#### [How to complete this task]
The copy you produce must hold every record exactly, and none of the images.

#### [Given data]
☆ ☆ ☆

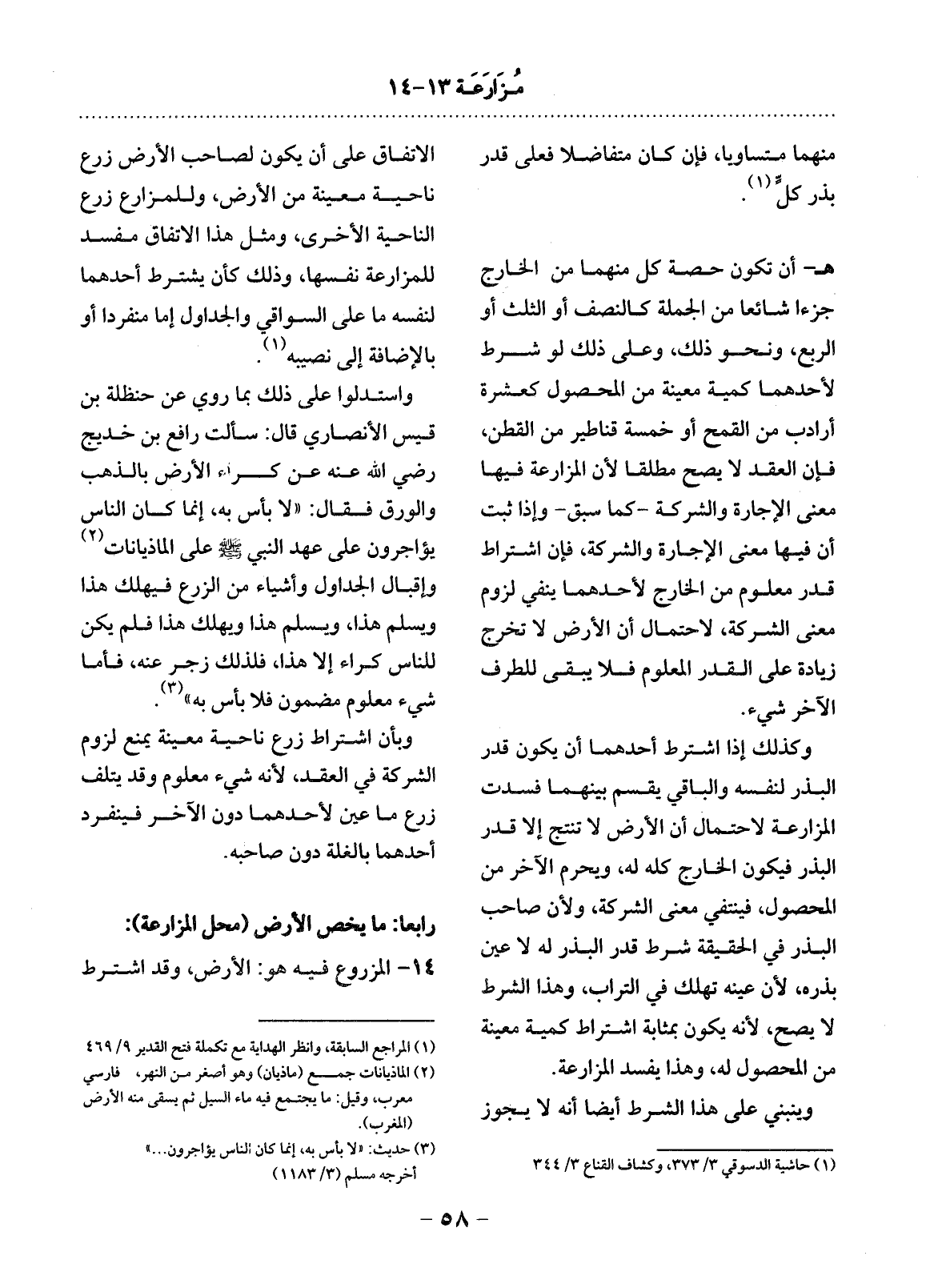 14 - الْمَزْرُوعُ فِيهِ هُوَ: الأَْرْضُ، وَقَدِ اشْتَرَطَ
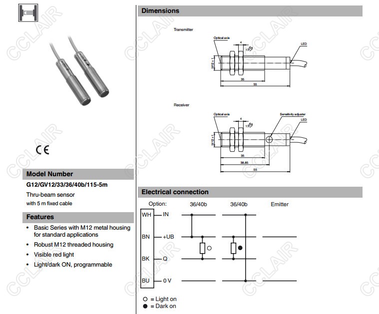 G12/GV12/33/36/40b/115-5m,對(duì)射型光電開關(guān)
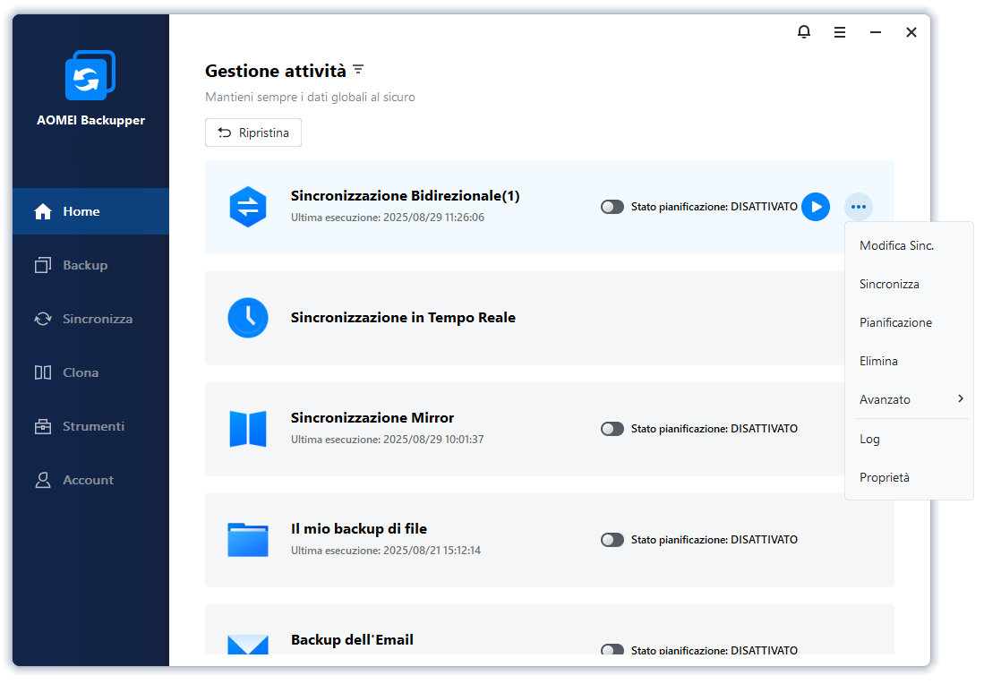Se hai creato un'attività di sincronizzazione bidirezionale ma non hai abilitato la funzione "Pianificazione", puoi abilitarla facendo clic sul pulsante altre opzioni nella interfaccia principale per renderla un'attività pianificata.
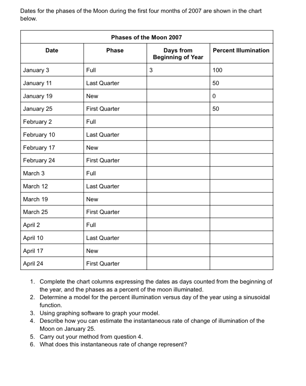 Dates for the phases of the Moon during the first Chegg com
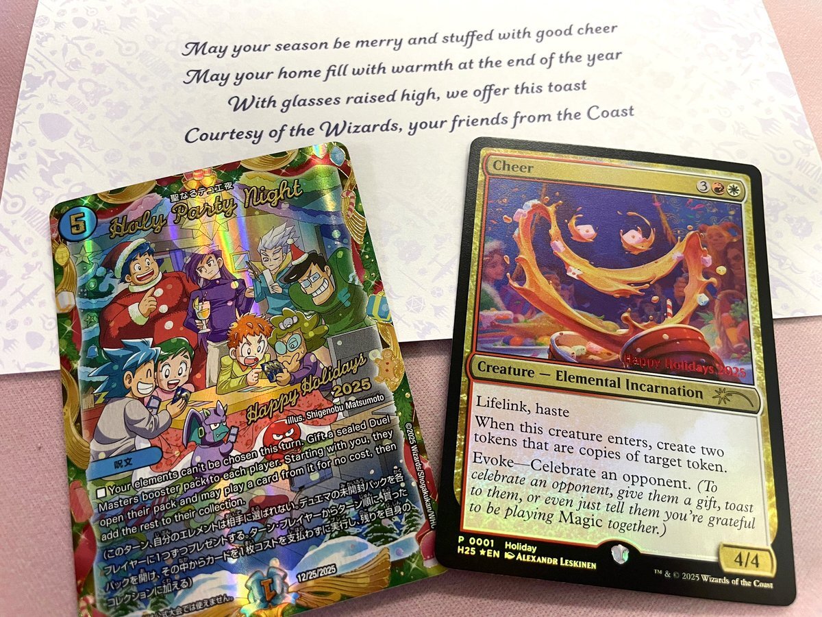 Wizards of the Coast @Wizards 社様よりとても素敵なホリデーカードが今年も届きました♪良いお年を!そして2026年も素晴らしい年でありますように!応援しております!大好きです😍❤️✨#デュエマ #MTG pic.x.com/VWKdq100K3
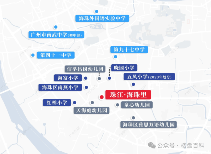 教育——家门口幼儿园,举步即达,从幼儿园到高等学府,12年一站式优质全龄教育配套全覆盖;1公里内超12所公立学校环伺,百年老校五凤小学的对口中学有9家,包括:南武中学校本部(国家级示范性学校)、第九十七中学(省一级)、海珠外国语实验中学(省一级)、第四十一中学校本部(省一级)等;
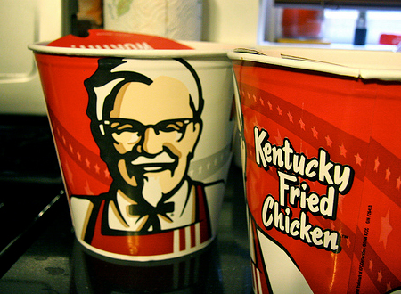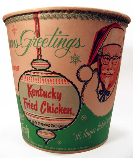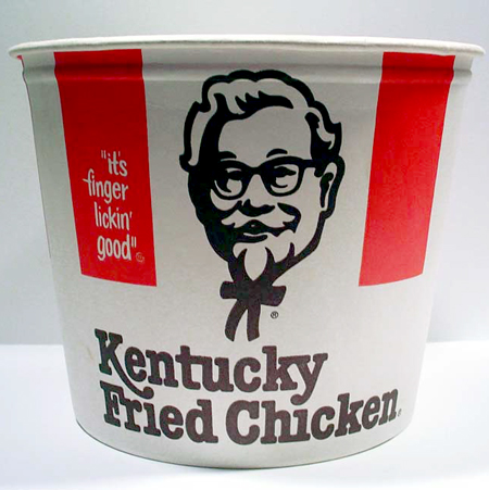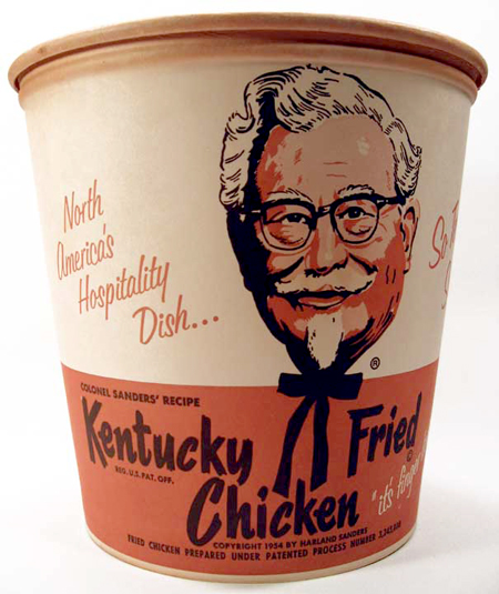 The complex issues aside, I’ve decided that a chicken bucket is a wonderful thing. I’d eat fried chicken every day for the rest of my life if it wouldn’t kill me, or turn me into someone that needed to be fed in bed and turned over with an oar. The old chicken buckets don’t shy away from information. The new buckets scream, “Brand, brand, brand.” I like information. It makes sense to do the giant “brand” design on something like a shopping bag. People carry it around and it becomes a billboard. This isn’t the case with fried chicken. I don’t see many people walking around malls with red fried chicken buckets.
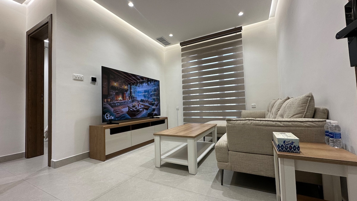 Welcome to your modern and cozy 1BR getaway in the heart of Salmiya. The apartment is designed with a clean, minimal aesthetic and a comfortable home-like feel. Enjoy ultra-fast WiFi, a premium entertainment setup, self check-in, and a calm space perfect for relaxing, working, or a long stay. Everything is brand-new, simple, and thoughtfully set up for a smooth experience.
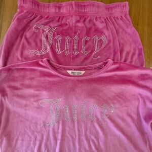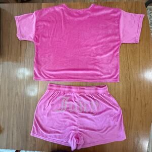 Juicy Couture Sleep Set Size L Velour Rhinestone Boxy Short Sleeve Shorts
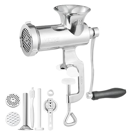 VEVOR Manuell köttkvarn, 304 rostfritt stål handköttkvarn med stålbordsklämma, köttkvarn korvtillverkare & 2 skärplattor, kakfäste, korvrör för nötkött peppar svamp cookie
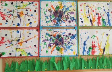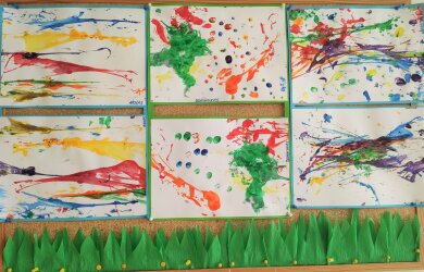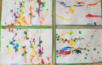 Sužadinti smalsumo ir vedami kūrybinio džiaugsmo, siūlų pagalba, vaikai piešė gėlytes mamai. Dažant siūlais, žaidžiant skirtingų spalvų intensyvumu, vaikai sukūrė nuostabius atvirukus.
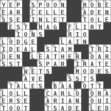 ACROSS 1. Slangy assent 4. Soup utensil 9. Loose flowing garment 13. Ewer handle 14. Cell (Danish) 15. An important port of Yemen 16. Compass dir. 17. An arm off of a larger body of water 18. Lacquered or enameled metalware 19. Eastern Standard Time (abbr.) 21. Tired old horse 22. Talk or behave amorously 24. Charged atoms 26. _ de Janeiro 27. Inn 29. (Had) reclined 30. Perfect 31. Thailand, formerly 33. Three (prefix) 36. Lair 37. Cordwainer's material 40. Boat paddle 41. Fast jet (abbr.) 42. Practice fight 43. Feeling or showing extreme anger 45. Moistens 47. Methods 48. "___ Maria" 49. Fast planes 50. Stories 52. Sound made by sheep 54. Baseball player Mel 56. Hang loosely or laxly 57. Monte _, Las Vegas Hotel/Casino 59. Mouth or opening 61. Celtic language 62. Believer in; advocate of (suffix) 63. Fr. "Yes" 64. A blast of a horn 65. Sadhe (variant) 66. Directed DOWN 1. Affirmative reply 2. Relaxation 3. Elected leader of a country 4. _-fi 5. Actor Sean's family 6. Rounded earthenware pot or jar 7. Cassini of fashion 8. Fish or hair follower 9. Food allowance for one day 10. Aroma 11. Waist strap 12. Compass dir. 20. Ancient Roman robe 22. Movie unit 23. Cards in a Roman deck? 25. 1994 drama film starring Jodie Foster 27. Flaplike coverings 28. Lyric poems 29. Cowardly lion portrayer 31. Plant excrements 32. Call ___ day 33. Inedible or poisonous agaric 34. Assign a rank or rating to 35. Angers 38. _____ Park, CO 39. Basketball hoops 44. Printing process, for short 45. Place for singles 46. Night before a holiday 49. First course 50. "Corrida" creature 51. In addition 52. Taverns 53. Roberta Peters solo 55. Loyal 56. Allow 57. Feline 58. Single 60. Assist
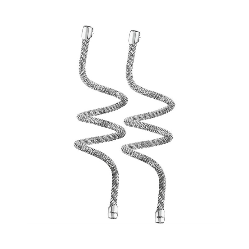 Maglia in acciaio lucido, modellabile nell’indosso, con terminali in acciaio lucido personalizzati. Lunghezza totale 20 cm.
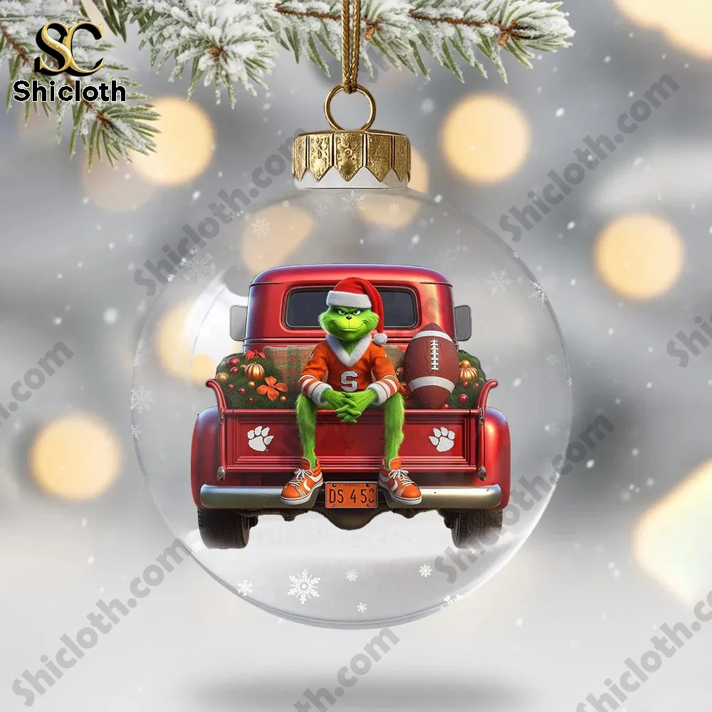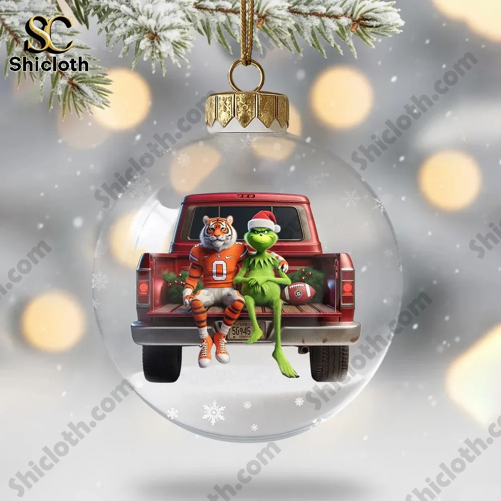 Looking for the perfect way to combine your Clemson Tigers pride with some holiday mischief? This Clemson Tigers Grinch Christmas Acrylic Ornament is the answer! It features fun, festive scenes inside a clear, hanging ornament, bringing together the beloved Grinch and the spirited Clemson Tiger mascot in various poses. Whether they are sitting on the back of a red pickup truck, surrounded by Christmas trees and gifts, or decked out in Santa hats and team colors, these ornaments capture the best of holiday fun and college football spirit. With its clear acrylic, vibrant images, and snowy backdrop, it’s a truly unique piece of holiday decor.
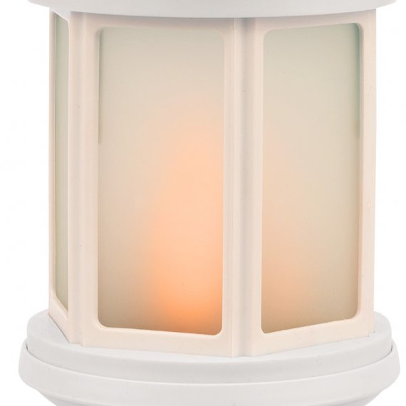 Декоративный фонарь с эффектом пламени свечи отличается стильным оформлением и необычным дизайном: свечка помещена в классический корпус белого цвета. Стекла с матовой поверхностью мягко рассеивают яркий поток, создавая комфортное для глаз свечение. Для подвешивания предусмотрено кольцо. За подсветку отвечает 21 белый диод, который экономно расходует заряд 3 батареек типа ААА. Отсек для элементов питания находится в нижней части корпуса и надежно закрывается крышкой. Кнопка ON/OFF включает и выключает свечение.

☆ ☆ ☆

#### [Response box]
 14 - الْمَزْرُوعُ فِيهِ هُوَ: الأَْرْضُ، وَقَدِ اشْتَرَطَ
 G12/GV12/33/36/40b/115-5m,對(duì)射型光電開關(guān)
Se hai creato un'attività di sincronizzazione bidirezionale ma non hai abilitato la funzione "Pianificazione", puoi abilitarla facendo clic sul pulsante altre opzioni nella interfaccia principale per renderla un'attività pianificata.
 Dates for the phases of the Moon during the first Chegg com
 Wizards of the Coast @Wizards 社様よりとても素敵なホリデーカードが今年も届きました♪良いお年を!そして2026年も素晴らしい年でありますように!応援しております!大好きです😍❤️✨#デュエマ #MTG pic.x.com/VWKdq100K3
 教育——家门口幼儿园,举步即达,从幼儿园到高等学府,12年一站式优质全龄教育配套全覆盖;1公里内超12所公立学校环伺,百年老校五凤小学的对口中学有9家,包括:南武中学校本部(国家级示范性学校)、第九十七中学(省一级)、海珠外国语实验中学(省一级)、第四十一中学校本部(省一级)等;
 The complex issues aside, I’ve decided that a chicken bucket is a wonderful thing. I’d eat fried chicken every day for the rest of my life if it wouldn’t kill me, or turn me into someone that needed to be fed in bed and turned over with an oar. The old chicken buckets don’t shy away from information. The new buckets scream, “Brand, brand, brand.” I like information. It makes sense to do the giant “brand” design on something like a shopping bag. People carry it around and it becomes a billboard. This isn’t the case with fried chicken. I don’t see many people walking around malls with red fried chicken buckets.
 Welcome to your modern and cozy 1BR getaway in the heart of Salmiya. The apartment is designed with a clean, minimal aesthetic and a comfortable home-like feel. Enjoy ultra-fast WiFi, a premium entertainment setup, self check-in, and a calm space perfect for relaxing, working, or a long stay. Everything is brand-new, simple, and thoughtfully set up for a smooth experience.
 Juicy Couture Sleep Set Size L Velour Rhinestone Boxy Short Sleeve Shorts
 VEVOR Manuell köttkvarn, 304 rostfritt stål handköttkvarn med stålbordsklämma, köttkvarn korvtillverkare & 2 skärplattor, kakfäste, korvrör för nötkött peppar svamp cookie
 Sužadinti smalsumo ir vedami kūrybinio džiaugsmo, siūlų pagalba, vaikai piešė gėlytes mamai. Dažant siūlais, žaidžiant skirtingų spalvų intensyvumu, vaikai sukūrė nuostabius atvirukus.
 ACROSS 1. Slangy assent 4. Soup utensil 9. Loose flowing garment 13. Ewer handle 14. Cell (Danish) 15. An important port of Yemen 16. Compass dir. 17. An arm off of a larger body of water 18. Lacquered or enameled metalware 19. Eastern Standard Time (abbr.) 21. Tired old horse 22. Talk or behave amorously 24. Charged atoms 26. _ de Janeiro 27. Inn 29. (Had) reclined 30. Perfect 31. Thailand, formerly 33. Three (prefix) 36. Lair 37. Cordwainer's material 40. Boat paddle 41. Fast jet (abbr.) 42. Practice fight 43. Feeling or showing extreme anger 45. Moistens 47. Methods 48. "___ Maria" 49. Fast planes 50. Stories 52. Sound made by sheep 54. Baseball player Mel 56. Hang loosely or laxly 57. Monte _, Las Vegas Hotel/Casino 59. Mouth or opening 61. Celtic language 62. Believer in; advocate of (suffix) 63. Fr. "Yes" 64. A blast of a horn 65. Sadhe (variant) 66. Directed DOWN 1. Affirmative reply 2. Relaxation 3. Elected leader of a country 4. _-fi 5. Actor Sean's family 6. Rounded earthenware pot or jar 7. Cassini of fashion 8. Fish or hair follower 9. Food allowance for one day 10. Aroma 11. Waist strap 12. Compass dir. 20. Ancient Roman robe 22. Movie unit 23. Cards in a Roman deck? 25. 1994 drama film starring Jodie Foster 27. Flaplike coverings 28. Lyric poems 29. Cowardly lion portrayer 31. Plant excrements 32. Call ___ day 33. Inedible or poisonous agaric 34. Assign a rank or rating to 35. Angers 38. _____ Park, CO 39. Basketball hoops 44. Printing process, for short 45. Place for singles 46. Night before a holiday 49. First course 50. "Corrida" creature 51. In addition 52. Taverns 53. Roberta Peters solo 55. Loyal 56. Allow 57. Feline 58. Single 60. Assist
 Maglia in acciaio lucido, modellabile nell’indosso, con terminali in acciaio lucido personalizzati. Lunghezza totale 20 cm.
 Looking for the perfect way to combine your Clemson Tigers pride with some holiday mischief? This Clemson Tigers Grinch Christmas Acrylic Ornament is the answer! It features fun, festive scenes inside a clear, hanging ornament, bringing together the beloved Grinch and the spirited Clemson Tiger mascot in various poses. Whether they are sitting on the back of a red pickup truck, surrounded by Christmas trees and gifts, or decked out in Santa hats and team colors, these ornaments capture the best of holiday fun and college football spirit. With its clear acrylic, vibrant images, and snowy backdrop, it’s a truly unique piece of holiday decor.
 Декоративный фонарь с эффектом пламени свечи отличается стильным оформлением и необычным дизайном: свечка помещена в классический корпус белого цвета. Стекла с матовой поверхностью мягко рассеивают яркий поток, создавая комфортное для глаз свечение. Для подвешивания предусмотрено кольцо. За подсветку отвечает 21 белый диод, который экономно расходует заряд 3 батареек типа ААА. Отсек для элементов питания находится в нижней части корпуса и надежно закрывается крышкой. Кнопка ON/OFF включает и выключает свечение.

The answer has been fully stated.